For the recipe and tips on how to make a gluten-free focaccia, head to my Gluten-free focaccia recipe page.
I only ever use Caputo GF flour because it creates the perfect consistency when baked, you won't be able to tell it's gluten free. It's also not as starchy as other GF rice varieties (such as rice flour blends). You can read more about that on that blog post.
This focaccia is rich in all the sweet and savoury flavours you get on top of a typical veggie pizza - tomato sauce, herbs, zucchini, etc. It's delicious and doesn't add too much time to the cooking process either. All you need to do is ferment the dough and allow to rise, place the dough into a pan, dimple, add veggies on top and bake. Perfect as a starter dish for big spreads or for gatherings with friends and family.
Don't hesitate with your veggies and olive oil here, the more the better.
Gluten-free focaccia with a plant-based pizza topping
Time: 35 Minutes (after you have prepared the dough) Yield: 4-8 slices
Nutrition Facts (coming soon)
2 tbsp passata or tomato sauce
1 zucchini, sliced (long or round)
1 cup roughly chopped spinach
1 roughly chopped tomato
1 sprig rosemary (remove leaves from sprig and wash)
1 tsp salt
3 tbsp extra virgin olive oil
Method 1. Follow my gluten-free focaccia recipe to prep the dough.

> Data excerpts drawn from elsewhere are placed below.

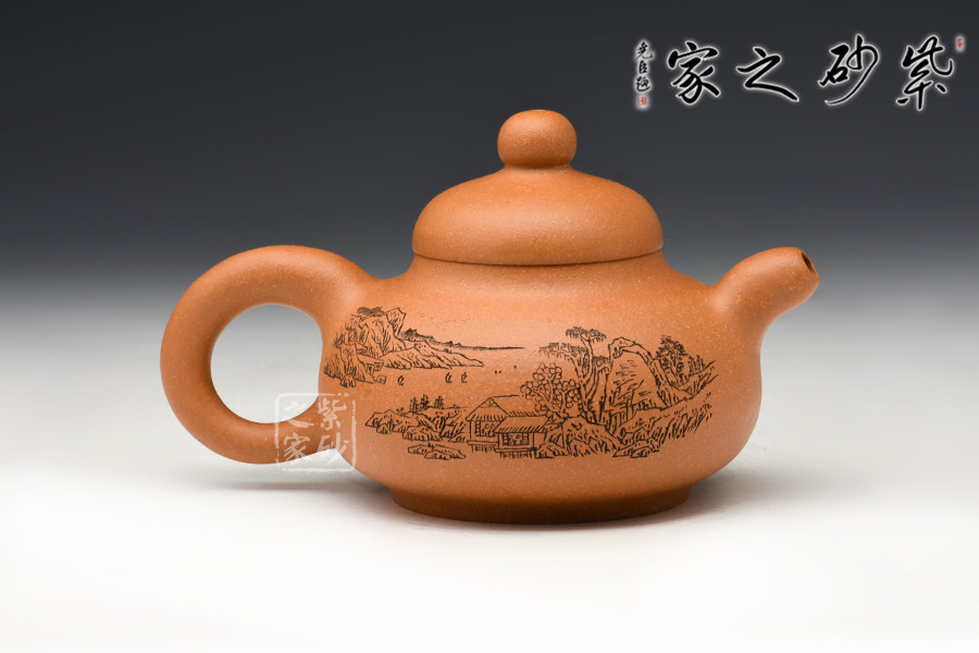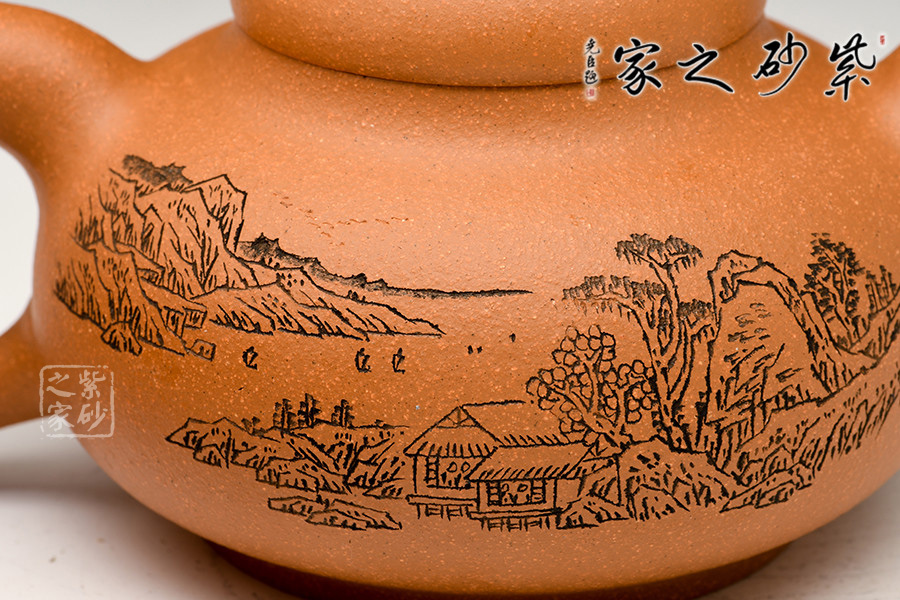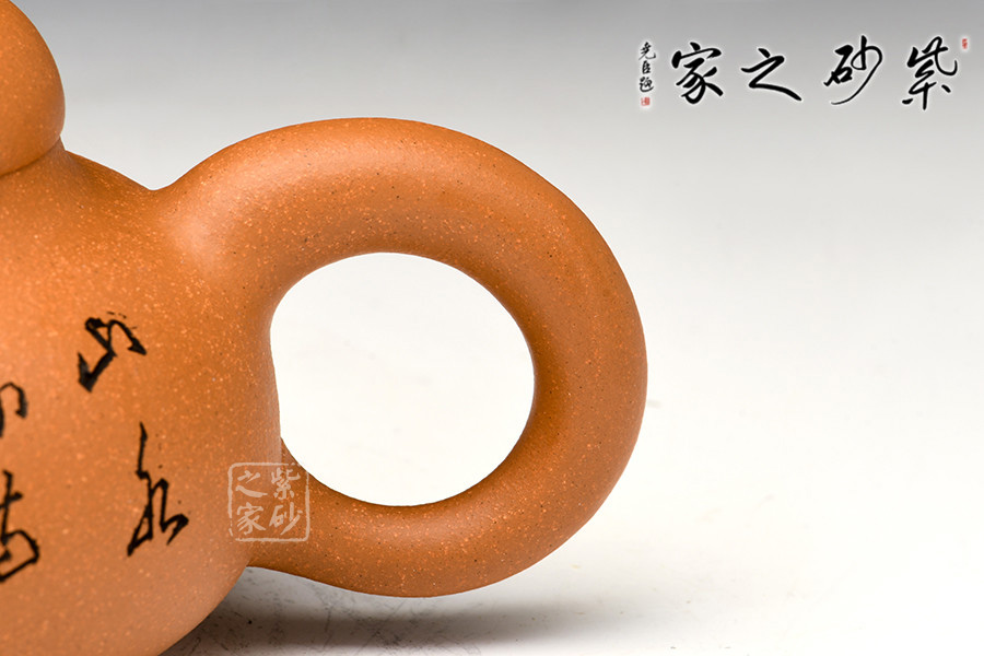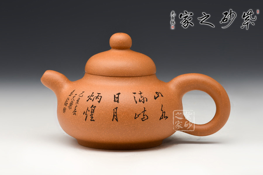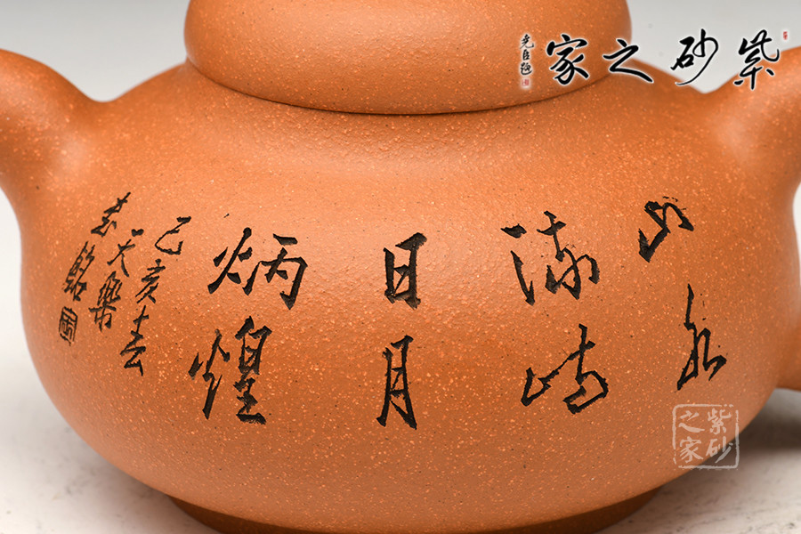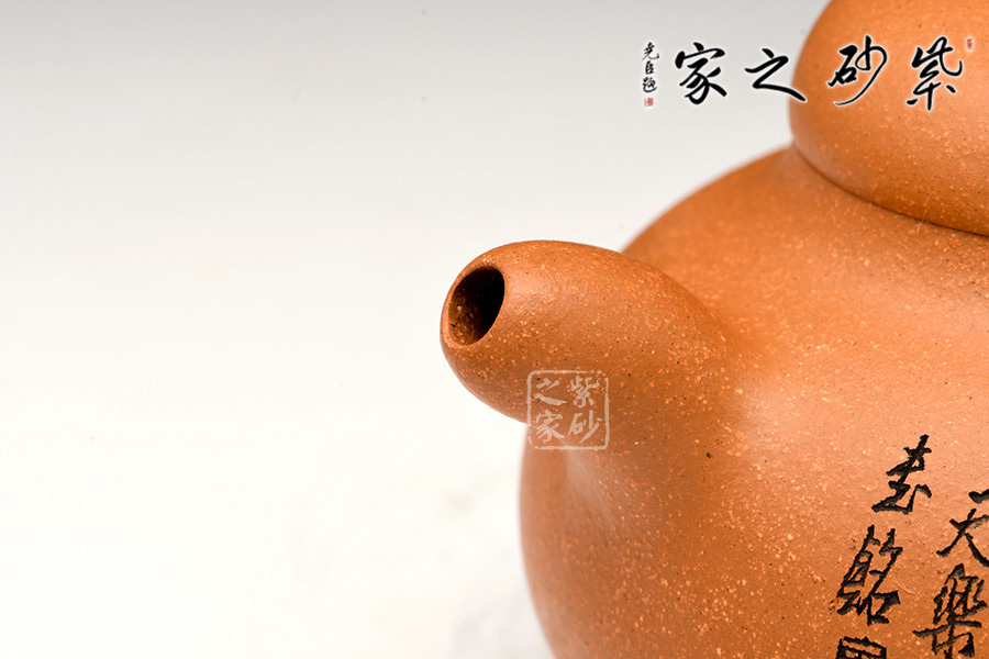 光貨離不開裝飾。俗話說“壺隨字貴,字隨壺傳”:光壺不刻字,就是一把光壺;壺上面刻了大師、名人的字,一把壺的含金量就高了,收藏價值就更高,升值潛力就更大。王福君與中國工藝美術(shù)大師譚泉海合作最多,其次是徐安碧、鮑志強、毛國強(均為中國工藝美術(shù)大師、中國陶瓷藝術(shù)大師)。
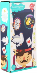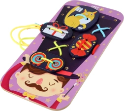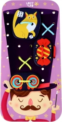 Ce jeu de laçage et d’enfilage amusant sur le thème du magicien invite les enfants dans un monde de fantaisie. Sur la grande plaque représentant la tête du magicien et son chapeau, ils peuvent, à l’aide des lacets, fixer des accessoires colorés – du lapin et des pièces jusqu’aux cartes mystérieuses. En jouant, les enfants exercent la coordination œil-main, la patience et la créativité.
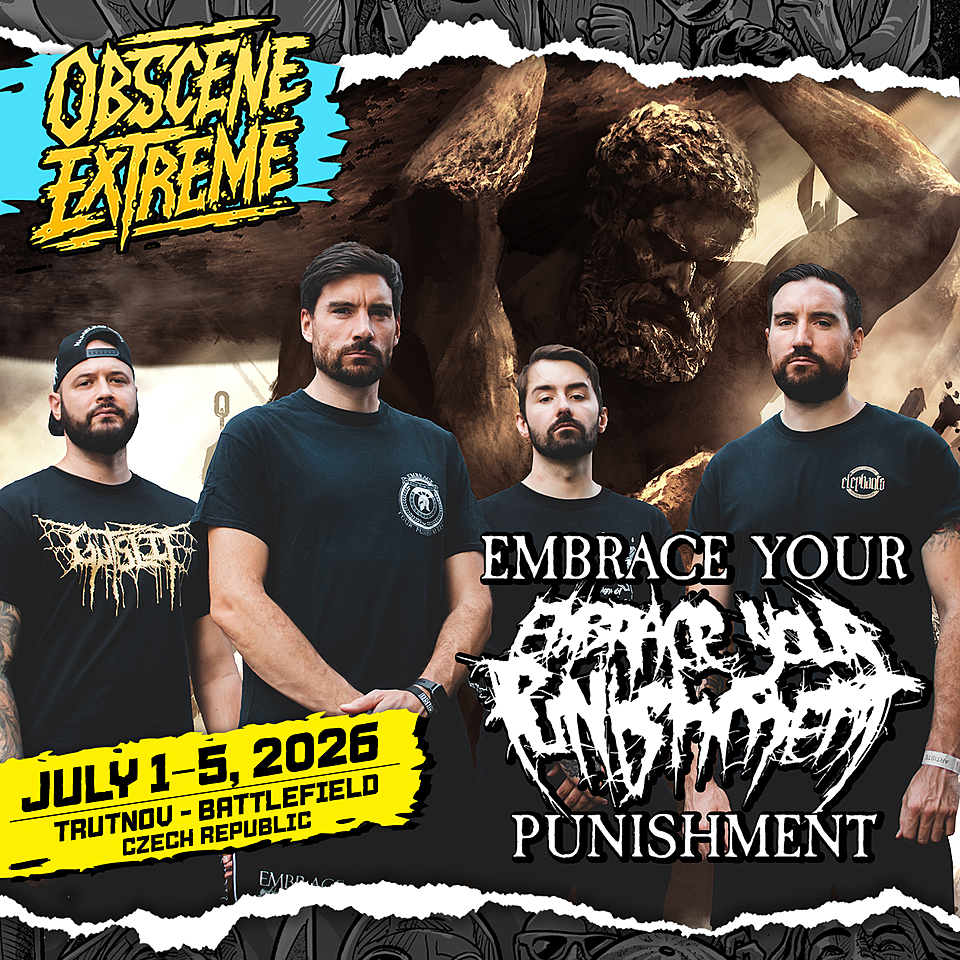 EMBRACE YOUR PUNISHMENT – NEUTICHAJÍCÍ EXPLOZE Z FRANCIE!!! Toto kvarteto modernistů v extrémní hudbě se s ničím nesere! Bez ohledu na okolí odpalují své energetické bomby a svou výbušností rozmetají vše kolem sebe a pro kotel je tato hudba jako stvořená! Kotel to bude zaručeně brutální, bez ohledu na to, zda o nich fanoušci OEF vůbec někdy slyšeli. Skvělý tip pro fanoušky Pyrexie, Dying Fetus, Misery Index a podobných šíleností. Je třeba dodat něco víc? Snad jen, že to bude náhul! Naviděnou!!!
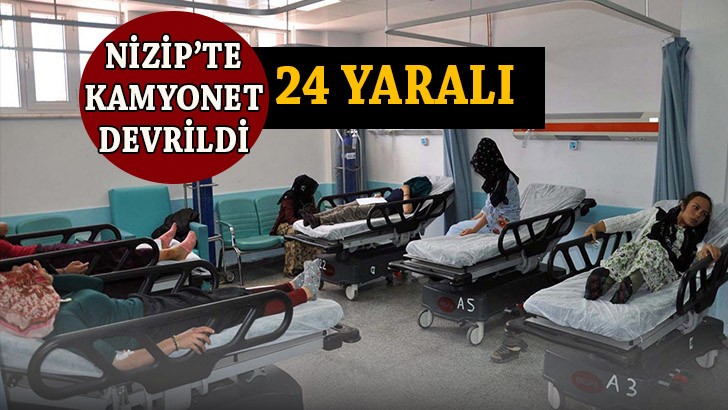 <p>Edinilen bilgiye göre, Gaziantep-Nizip otoyolunda seyir halinde bulunan M.K. idaresindeki 01 VBN 92 plakalı kamyonet, lastiğinin patlaması sonucu yoldan çıktı. Devrilen kamyonetin kasasındaki yaralılar yola savruldu. Bölgeye çok sayıda sağlık ve polis ekibi sevk edildi. Yaralılar, sağlık ekipleri tarafından hastanelere kaldırıldı </p>

2. Place the dough in a small baking tray that's brushed in a little olive oil. Note: the smaller the baking tray, the more the focaccia will rise. The larger and wider the tray, the less it will rise. Dimple the focaccia and generously lather in olive oil.
3. Spread passata or tomato sauce on top and then add your veggies. Press the veggies down so the bread rises up between the pieces.
4. Bake at 180-200 degrees for 30-35 minutes until golden brown. Let it sit for 10 minutes after baking before cutting...enjoy!